The Reserve Bank of India is expected to maintain its wait-and-watch stance and keep the repo rate at 5.25 per cent in coming meetings as the US-Iran peace agreement reduces geopolitical uncertainty, while it monitors food and fuel price pass-through before acting, BofA Securities said in a note on the June MPC minutes.
BofA Securities said the uncertainty clouding the outlook has eased since the June meeting following the conclusion of the US-Iran peace agreement. This gives the MPC more room to stay data-dependent rather than react to volatile energy prices. RBI Governor Malhotra highlighted that inflation risks have risen due to food and fuel shocks, but with underlying inflation still contained, a wait-and-watch stance remains appropriate.

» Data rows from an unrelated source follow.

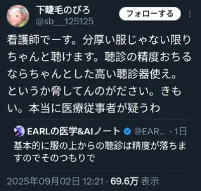 【ダブスタ】自称看護師「服の上から聴診器?分厚い服じゃない限りちゃんと聴けます」→「既往がある人はそら服めくって聴診しますわ」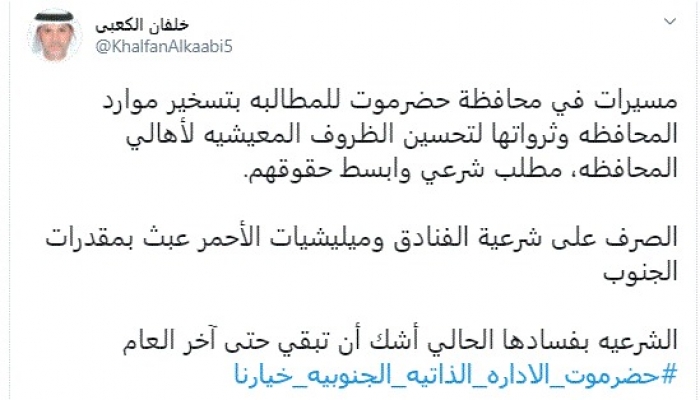 وقال في تغريدة عبر "تويتر" رصدها "المشهد العربي": "مسيرات في محافظة حضرموت للمطالبة بتسخير موارد المحافظة وثرواتها لتحسين الظروف المعيشية لأهالي المحافظة، مطلب شرعي وأبسط حقوقهم".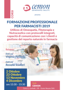 FORMAZIONE PROFESSIONALE PER FARMACISTI 2019. Utilizzo di Omeopatia, Fitoterapia e Nutraceutica con protocolli integrati, capacità di comunicazione con i clienti e gestione del reparto naturale in farmacia. LA PARTECIPAZIONE ALLA FORMAZIONE E’ GRATUITA GRUMO NEVANO (NA) presso la sede degli uffici del Cemon in Corso G. Garibaldi, 198 Questo corso nasce dall’esigenza di fornire le nozioni fondamentali per un inquadramento dei problemi di salute per i quali viene più spesso richiesto il consiglio professionale del farmacista. L’approccio proposto è individualizzato…

The brokerage expects the RBI to continue tracking monsoon outcomes and crude trends before considering any change in policy direction.

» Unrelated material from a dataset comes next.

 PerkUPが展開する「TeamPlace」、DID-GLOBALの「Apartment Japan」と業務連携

BofA Securities noted the RBI unanimously maintained the repo rate at 5.25 per cent and retained its neutral policy stance amid a volatile geopolitical backdrop. The central bank also lowered its FY27 growth forecast by 30bps to 6.6 per cent YoY while raising its inflation projection by 50bps to 5.1 per cent, citing weather-related risks. “The minutes showed unanimous recognition of the volatile economic backdrop and rising inflation risks. However, members noted that underlying inflation has remained contained, with no immediate concerns on second-round effects, making status quo on policy action and a data-dependent approach an appropriate course of action,” BofA Securities said.
Internal members leaned toward caution on premature tightening. Gupta viewed the rise in inflation largely as a supply-side phenomenon driven by energy and imported cost pressures, arguing against a premature policy response. Indranil Bhattacharyya noted that wholesale price pressures have increased, but the transmission to consumer inflation remains incomplete, warranting a cautious and data-dependent approach.

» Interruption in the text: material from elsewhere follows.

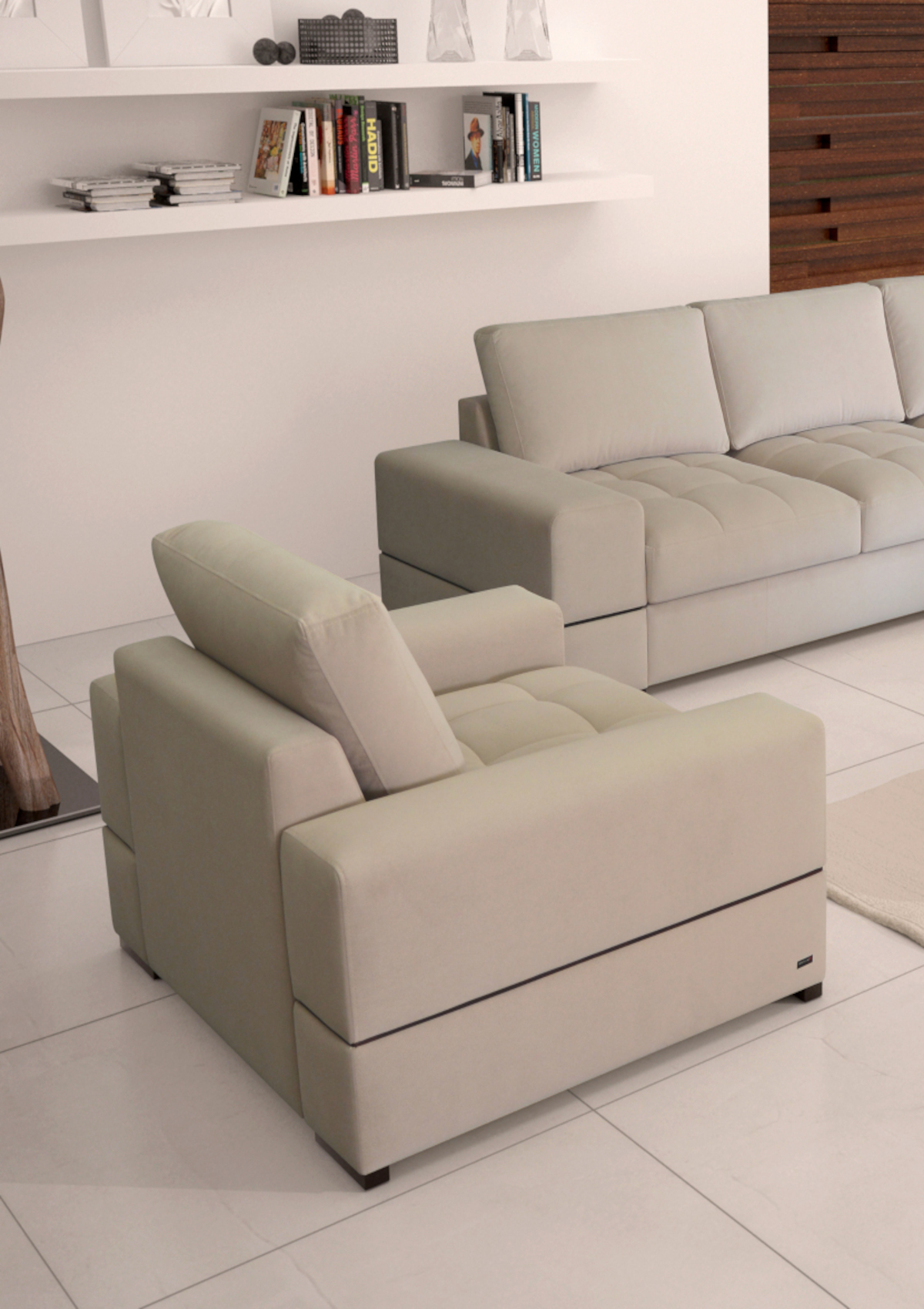Součástí je úložný prostor k uložení přikrývek. Křeslo stojí na nízkých chromových nožkách ve stříbrném odstínu.

External members echoed the growth-support view. Singh acknowledged the worsening inflation outlook due to external shocks but stressed the need to support growth given still-benign core inflation. Saugata Bhattacharya flagged concern that elevated crude prices could fuel second-round inflationary pressures and further dampen growth, though he did not see a case for immediate tightening. Nagesh Kumar emphasised that while the West Asia conflict complicated the growth-inflation trade-off, India’s strong macroeconomic fundamentals and policy buffers leave it well-positioned to withstand the shock, voting for the status quo.
BofA Securities’ dove-hawk meter for June showed the MPC in a neutral, moderately dovish-to-neutral zone with no shift toward hawkishness from April.